Arbitration presupposes a contract that can be interpreted and construed. Mediation is ineffectual without voluntary submission. Neither of them can compel testimony, summon a jury, punish crime, restrain or compel equitable action.
The first principle of law is due process, not private agreements.
I don't think we are disagreeing much. Plainly not all dispute resolution procedures can be grounded in private agreements. As you rightly say, arbitration and mediation presuppose prior consent. And even in the case of arbitration, consent to the process does not always entail the volunary honouring of an arbitration award!
ReplyDeleteIt follows that any legal system, whether ancap or otherwise, must make provision for compulsory processes in those cases where parties are unwilling or even absent. The most obvious example is of course the enforcement of judgments (though there may be other elements).

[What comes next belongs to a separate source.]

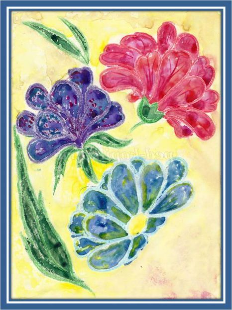 Мета: виконання квітів у змішаній техніці малювання: воскові олівці та акварель «по-сирому».
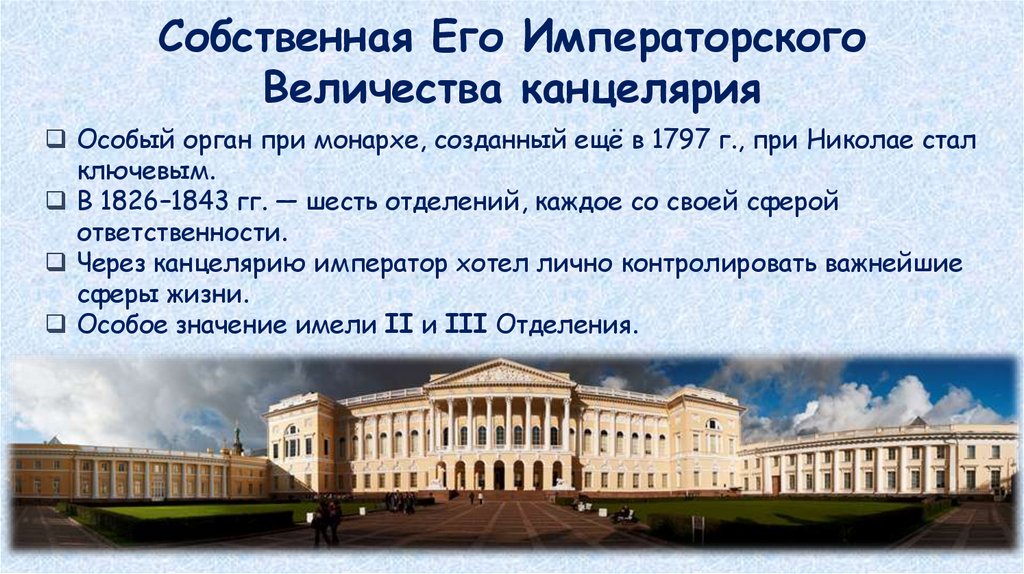 Особый орган при монархе, созданный ещё в 1797 г., при Николае стал

However, this does not mean that private competing courts would be unworkable. To the contrary, competition between courts is surely the best way to arrive at procedures that are both generally acceptable and economical.
I don't think it is possible to define in advance what those procedures might be - for example I would hesitate to say that compulsory testimony or the summoning as juries would be inevitable elements of libertarian courts - although no doubt many elements of our existing procedures - particularly those derived from the common law - would be used as a starting point.